The Russian Revolution in 1917 did not at first adversely affect Coates. The Soviet government appointed him "President of all Opera Houses in Soviet Russia", based in Moscow. By 1919, however, living conditions in Russia had become desperate. Coates became seriously ill, and with considerable difficulty left Russia with his family by way of Finland in April 1919. After his arrival in England, he was appointed chief conductor of the LSO. Reviewing his first performance in the post, The Times praised him warmly, along with the younger Adrian Boult and Geoffrey Toye, in an article on "The Conductor's Art". In September 1919, he was appointed to teach a new class for operatic training at the Royal College of Music. Reporting the appointment, The Times wrote, "There can scarcely be a musician in this country with so wide and cosmopolitan an experience of operatic performance."

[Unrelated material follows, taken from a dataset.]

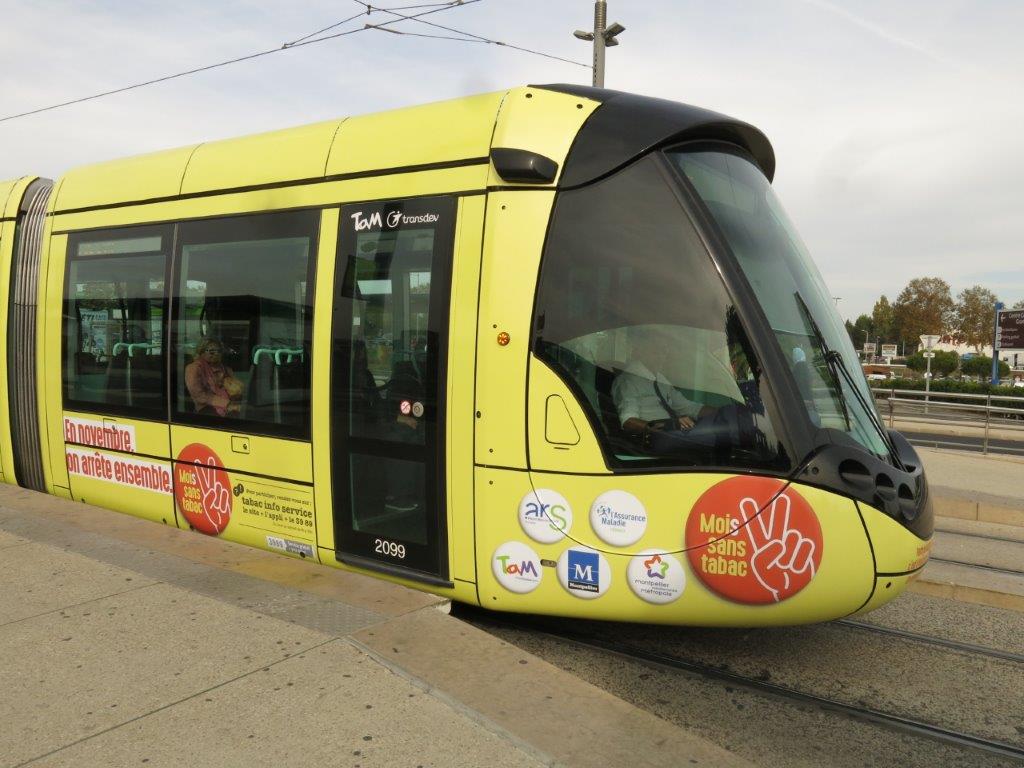 Photographie d’une des deux motrices de la rame 2099 Citadis 402 Alstom à la livrée intégrale « Mois Sans Tabac », à la station « Boirargues » de la ligne 3, le vendredi 3 novembre 2017. Copyright : Edgar Chaptal

The following month, there occurred an incident for which the name of Albert Coates is remembered in many books and articles. The LSO gave the world premiere of Elgar's Cello Concerto under the baton of the composer, but Coates, who was conducting the rest of the program, appropriated most of Elgar's allotted rehearsal time. As a result, the orchestra gave a notoriously inadequate performance. Elgar did not complain publicly, but the musical world knew privately of Coates's behavior. With this exception, Coates served English composers well in the postwar years, giving the first performances of large-scale works including Vaughan Williams's revised A London Symphony (1920), Delius's Requiem (1922), Bax's First Symphony (1922), and Holst's Choral Symphony (1925). He conducted many other early performances of music by contemporary English composers, including the second complete performance, which was also its first complete public performance, of Holst's The Planets in 1920, two years after its private premiere. Among works from continental Europe introduced to England by Coates were Prokofiev's Third Piano Concerto and Rachmaninoff's Fourth Piano Concerto, each with the composer as soloist. In 1925, he gave the first stage performance outside Russia of Rimsky-Korsakov's opera The Invisible City of Kitezh.

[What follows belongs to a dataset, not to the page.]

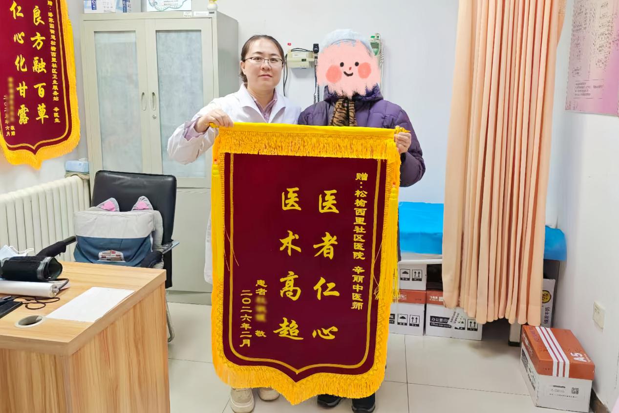 经过半年系统调理,患者腹痛症状明显好转,脾胃功能稳步恢复,体重回升,精神状态明显改善。为表达对辛丽丽的感谢,她不仅送来锦旗,还主动签约家庭医生服务,将自身健康托付给社区家医团队。

After his contract with the LSO expired in 1922, Coates held no more permanent conductorships in the UK, although he directed the Leeds music festivals of 1922 and 1925. In 1923, he was appointed joint principal conductor with Eugene Goossens of the Rochester Philharmonic Orchestra in the U.S. He was among the co-founders of Vladimir Rosing's pioneering American Opera Company. But he left Rochester in 1925 as a result of a disagreement with the orchestra's sponsor, George Eastman, over artistic policy. The reason for his failure to secure a permanent position in the UK was, according to one commentator, that although he was a fine conductor of opera and of Russian concert music, "his interpretations of the Viennese classics were less acceptable" and as the latter were more important in British musical life, "Coates failed to win for himself the highest reputation among his own countrymen."